(Anti)Scientific American

Robert Benson reported Monday in Miller-McClune that

More than half of the incoming Republican caucus denies the validity of climate change science. Some 74 percent of Republicans in the U.S. Senate now take that stance, as do 53 percent of GOP in the House.

As Benson notes, you have to go back to the Snopes Monkey Trials of 1925 to find this level of anti-science nuttiness. Then, of course, the issue was teaching Darwin’s theory of evolution in public schools.

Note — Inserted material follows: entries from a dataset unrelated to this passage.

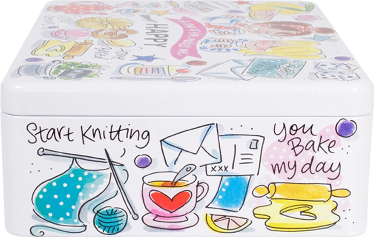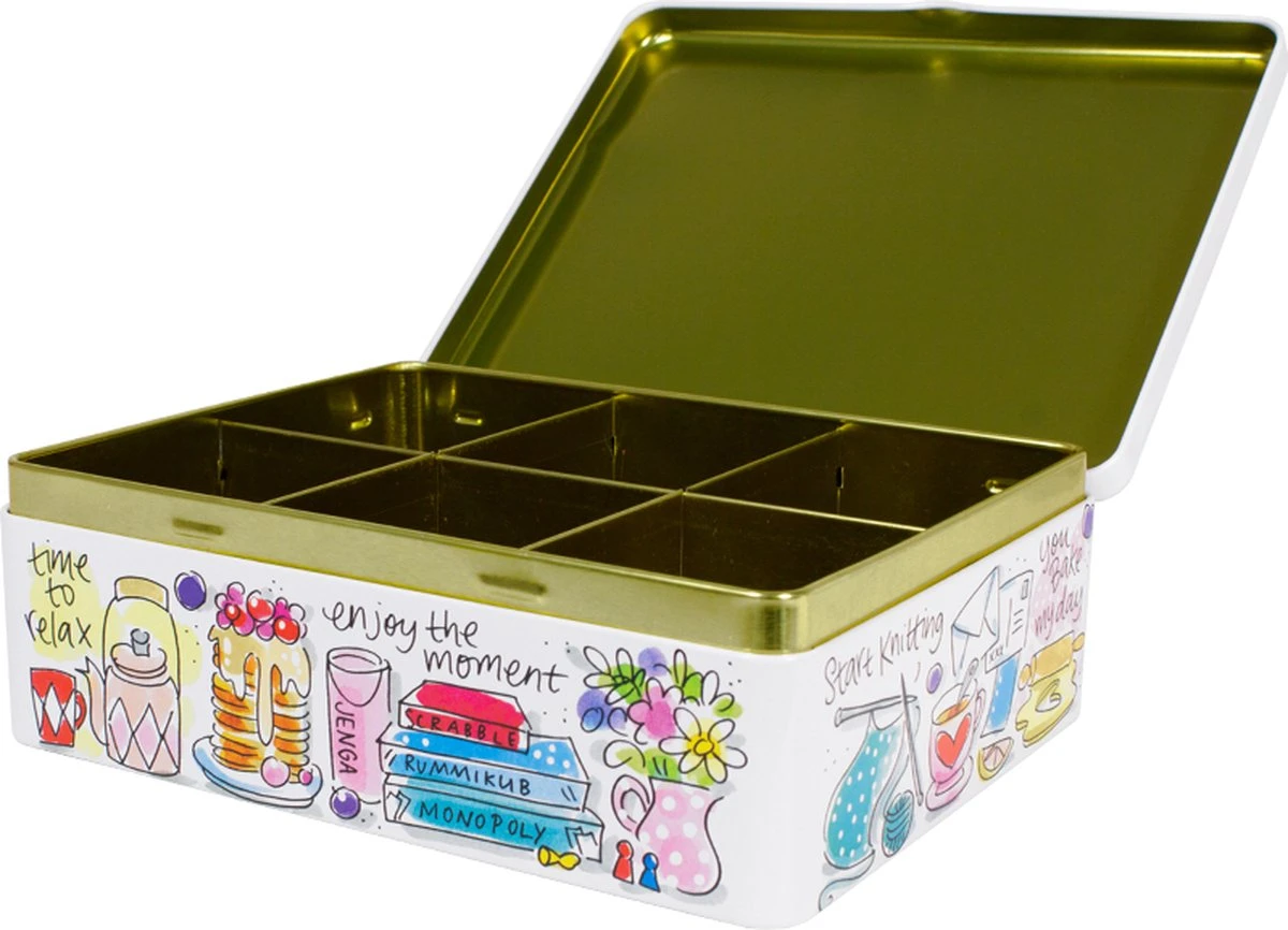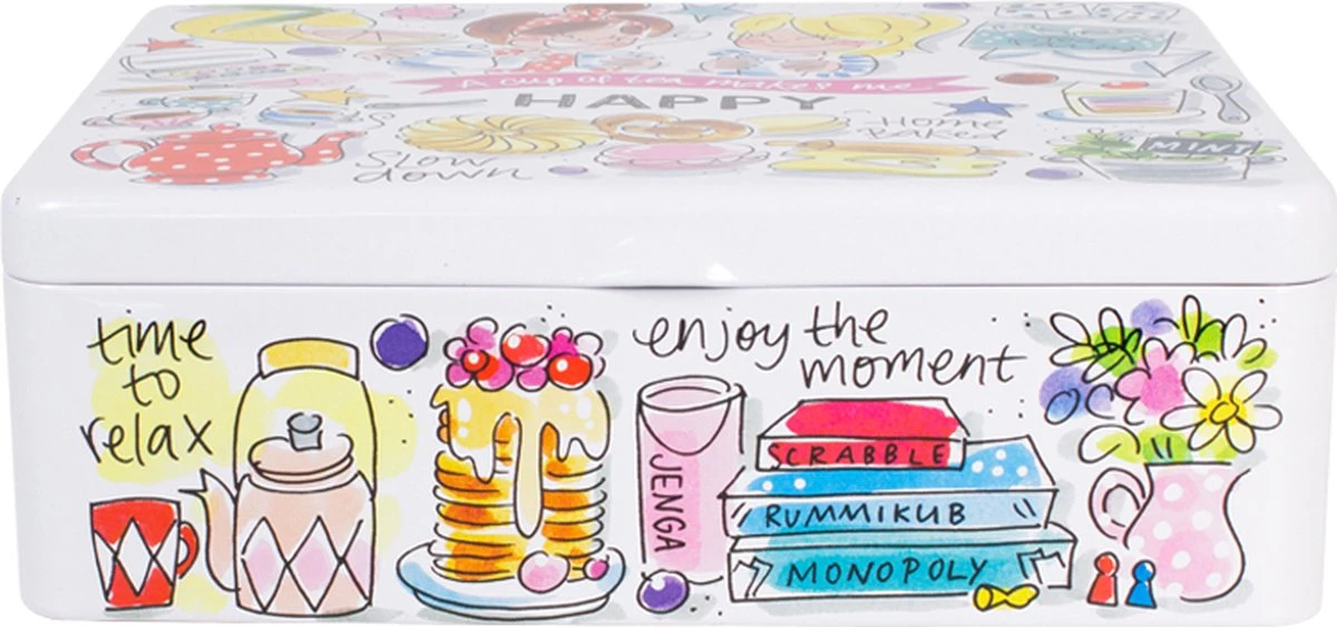 This make me happy! Dit vrolijke theeblik, maakt jouw tafel én thee momentje nog gezelliger! De opvallende en kleurrijke illustraties zijn in het thema Happy ontworpen. Op het theeblik staan allemaal grappige quotes die jou blij maken. Het theeblik is leuk te combineren met de andere nieuwe Happy items.
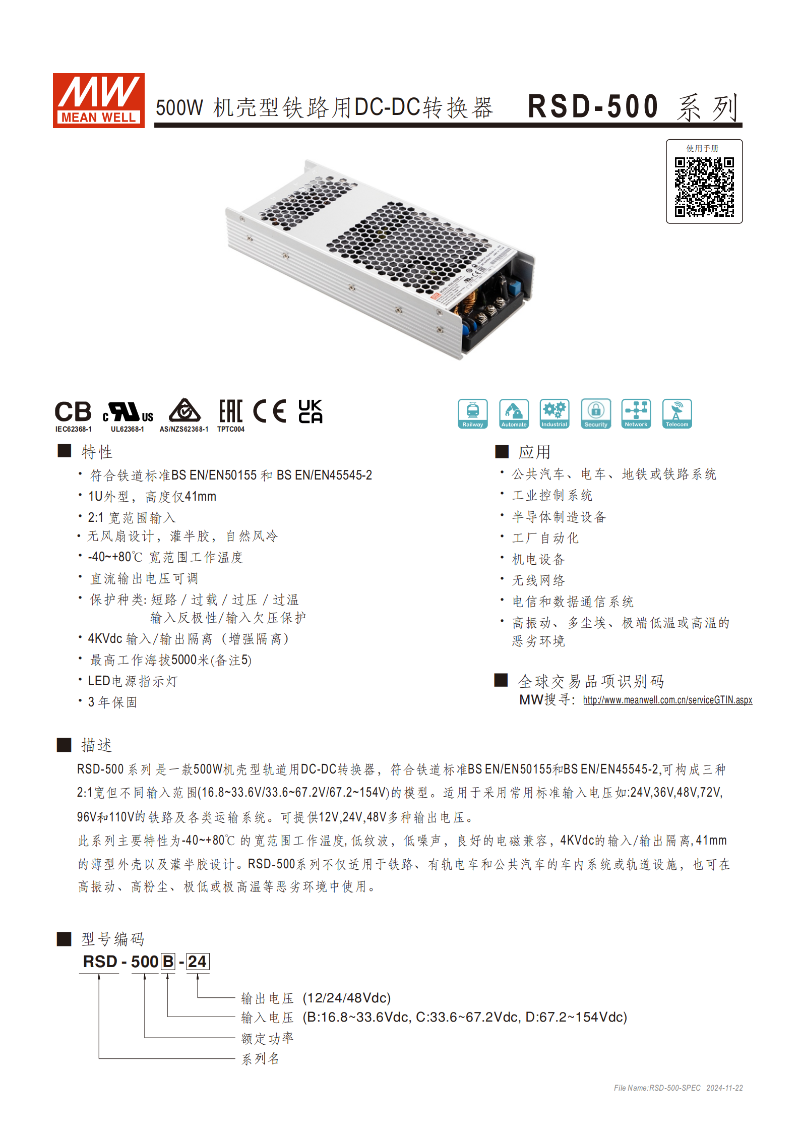RSD-500 系列為明緯生產的500W 機殼型鐵路專用 DC-DC 轉換器,是面向軌道交通及惡劣工業(yè)環(huán)境的電源轉換產品,核心符合鐵道標準EN50155(2017 版)和EN45545-2,同時通過IEC62368-1、UL62368-1、AS/NZS62368-1等安規(guī)認證,提供3 年保固,為全球交易品項。
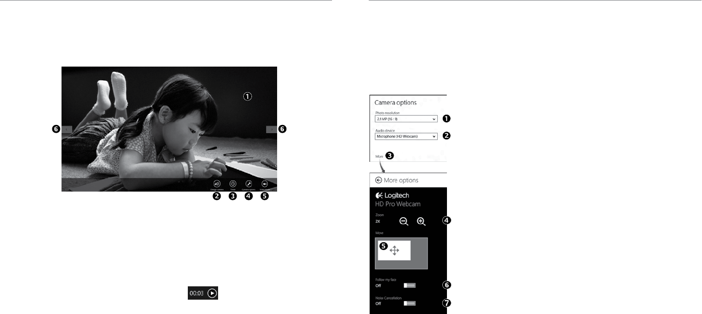 Use the Camera app, available from the Windows 8 Start screen, to operate and control
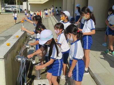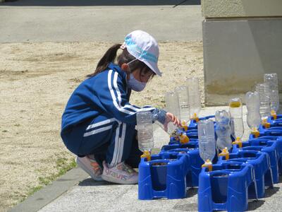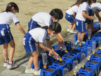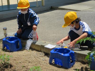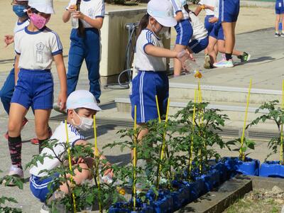 育てているミニトマトやヒマワリなどに、たっぷりの水を与えている児童たちです。
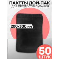 Купить Пакеты дой-пак черный металлизированный матовый 200х300 50 штук с доставкой по всей России.
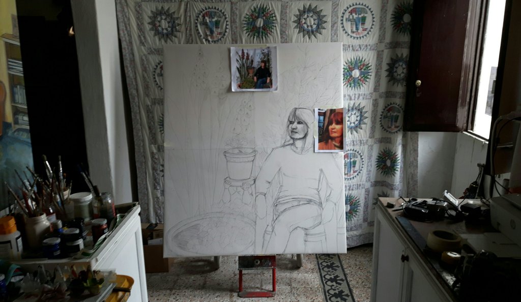My portrait is finally started. I decided to draw the flowers today and the background and then draw myself tomorrow as that would be the difficult part. Somehow though I have drawn myself and in particular my face and made quite a reasonable job if it. A very good example of tricking my mind into doing something I am afraid of. Tomorrow I can start painting. .

Although that issue has once again come to the fore–last week a Texas Republican introduced a bill that would protect proponents of “Intelligent Design” from discrimination by misguided individuals who are persuaded by facts–the primary focus of the anti-science zealots now is climate change.

This rejection of science and refusal to acknowledge facts are meaningful is best characterized by Charles Pierce in his Esquire essay from 2005 titled “Greetings from Idiot America” which I will quote at length:

The rise of Idiot America is essentially a war on expertise. It’s not so much antimodernism or the distrust of intellectual elites that Richard Hofstadter deftly teased out of the national DNA forty years ago. Both of those things are part of it. However, the rise of Idiot America today represents — for profit mainly, but also, and more cynically, for political advantage and in the pursuit of power — the breakdown of a consensus that the pursuit of knowledge is a good. It also represents the ascendancy of the notion that the people whom we should trust the least are the people who best know what they’re talking about. In the new media age, everybody is a historian, or a preacher, or a scientist, or a sage. And if everyone is an expert, then nobody is, and the worst thing you can be in a society where everybody is an expert is, well, an actual expert.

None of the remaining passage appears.